Vice-president, Al Gore once described postmodernism as a ‘combination of narcissism and nihilism’. Umberto Eco went one further, describing it as the sense that the ‘past is restricting, smothering, blackmailing us’. So when you consider Blair’s zero-point agenda for change in Iraq please bear a little of this in mind, for that too was narcissistic, nihilistic and it too applied no small amount of cultural blackmail. The first strike in the first war of the first Post-modern century? You bet. No discernible enemy, no discernible cause and no discernible justification. Isn’t that what you get in all the best postmodernist fiction from ‘Neuromancer’ to ‘White Noise’, from ‘Fight Club’ to ‘The Wasteland’ and from to ‘The Prisoner’ to ‘Life On Mars’ ? Tortured, isolated anti-heroes, irrationality, simultaneous viewpoints, multiple perspectives, fractures, existential crisis, internal conflict, complicity and dissociation. No, I’m not trying to fox you with theory; I’m simply trying to make sense of ‘Stray Point Agenda’ – a similarly schizophrenic mix of chaos and conviction, crisis and faith, love and death – or, as the consciousness stirring voice of the album’s intro suggests, ‘a kingdom of the unreal – but also a higher state of being’. The stray point? The consequences and fallout of a zero-point agenda and the vacuum created around it. Isn’t that how ‘real life’ is? Love and Death? The endless deferral of peace? The individual locked in an endless cycle of revenge and retaliation? World without end?

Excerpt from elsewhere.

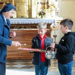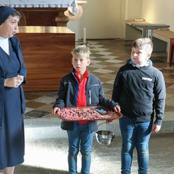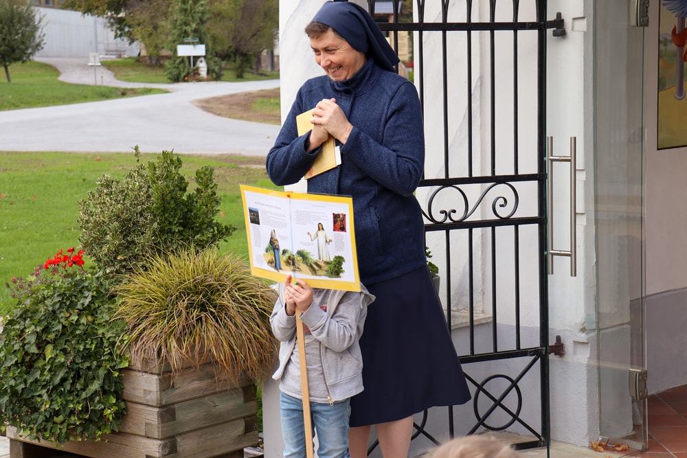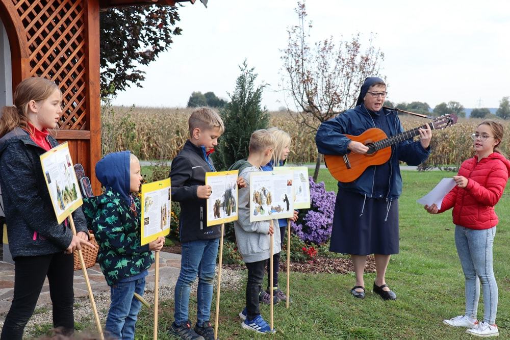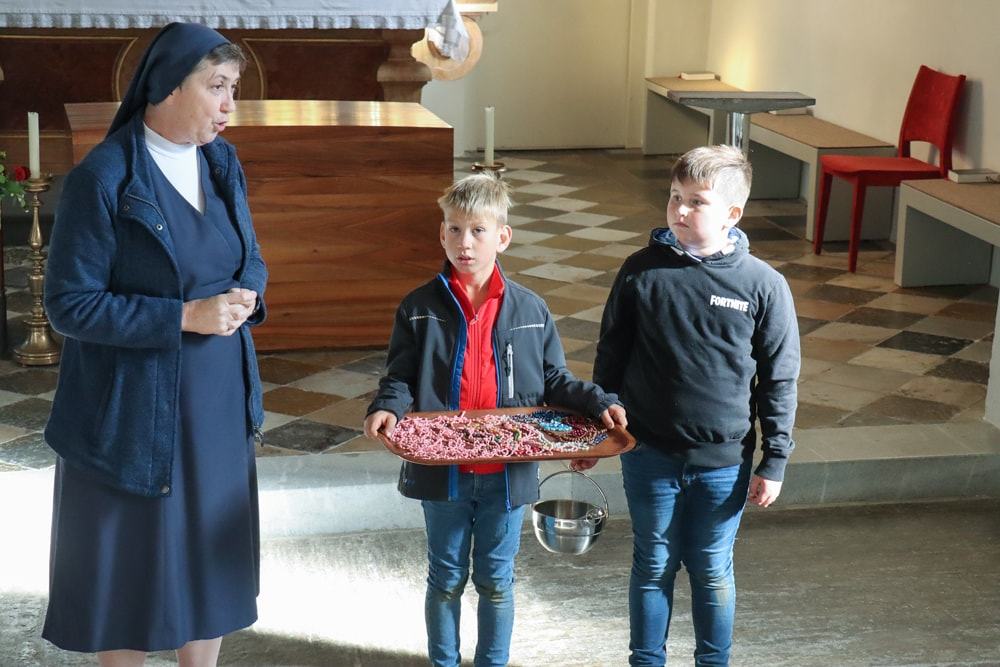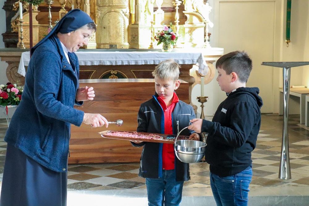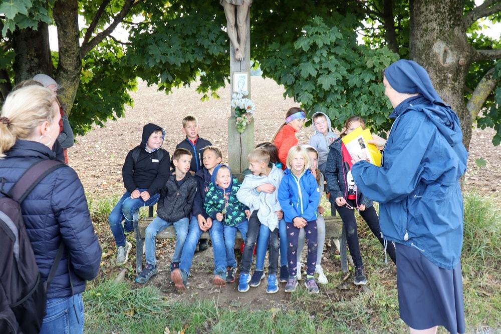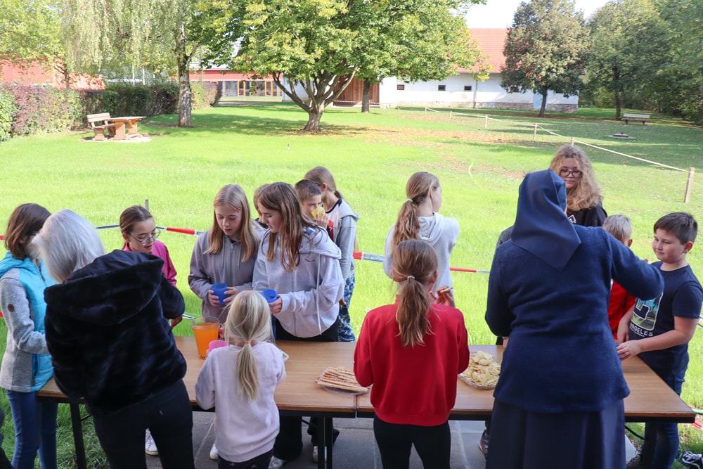 Anschließend wurden Kinder und Eltern in der Pfarrkirche auf Wallfahrt gesendet – Thema war heuer der freudenreiche Rosenkranz und so hatte jedes Kind auch einen eignen Rosenkranz dabei. Über den Oberberg weiter zur Dobl-Dorf-Kapelle und weiter zum Winkelhof führte uns unser Weg. Am Winkelhof durften wir dann zum Abschluss gemeinsam feiern.
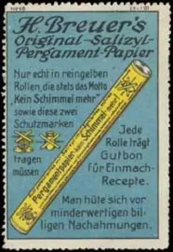 H. Breuers Original-Salizyl-Pergament-Papier, Bild 10, Größe/Zustand: 6x4 , guter Zustand, Original alte Reklamemarke die seinerzeit für die Werbung benutzt wurde

First appearing in 2003 with their debut LP ‘Asylum’ and awarded ‘Best Group’ and ‘Best Single’ at the Lyric Pad UK Hip Hop Awards 2005, Foreign Beggars are a British hip-hop collective based in London, branching out from various geographical backgrounds yet consisting in the main of MCs Orifice Vulgatron and Metropolis, human beatboxer, Shlomo, producer, DagNabbit and DJ Nonames. Their music is tight, philosophical, existential, multi-faceted and in the case of ‘Stray Point’ at least, is blessed with no shortage of divisions and juxtapositions, heavy-beats, double-time spitting, dub elements, sci-fi horror, growling electro devices and complex, confusing sample-scapes. Subversive, politically conscious yet anchored squarely in the ‘thousand and one tears’ of human behaviour, ‘Stray Point Agenda’ morphs fluently from the sparse, minimal beats of logic to the choking orchestral smoke of a slowburn apocalypse. There are a million ways to die and the furious, double-time parable, ‘Confessions of A…’ and ‘To Be A Memory’ account for most of them. Let’s face it, in a world where the threat of having your vocal chords removed, your face ripped off, having both of arms broken, part of your heart choked and most of your arteries blocked, death offers you your only true freedom – choose safety and you embrace ‘safety in cages’ – which isn’t truly living at all. It’s the age-old existential dilemma: the only certitude in life is ‘death’ and our only freedom in life is choosing the way it happens: ‘death-squad, shoot gun, execution’. In the matrices and the dataspheres of computerized information, global corporations, rapid technology and hi-tech warfare, a peaceful, human death is about as much as we can hope for. Representing humanity and the force of nature on this record is the languid, retro fabric of tracks like, ‘On A Winter’s Day’ (featuring elements of Jose Feliciano’s ‘California Dreamin’) and the soulful grooves of ‘Interlude’ – a temporary lull before the storm and the full-on cyber onslaught of ‘Backdraft’, and ‘Hot Plate’.
It’s a beautifully paced record, celebrating the tissue of human emotions – good, bad, innovative but never indifferent – that equip the ghost at the heart of the machine, a ghost that is, for the most part, immobilised in cold war situation; a full-on Mexican Stand-Off between livin’and dying tryin’.
Fans of ‘The Private Press’, Subtle and Roots Manuva are likely to find this a very, very precious record indeed.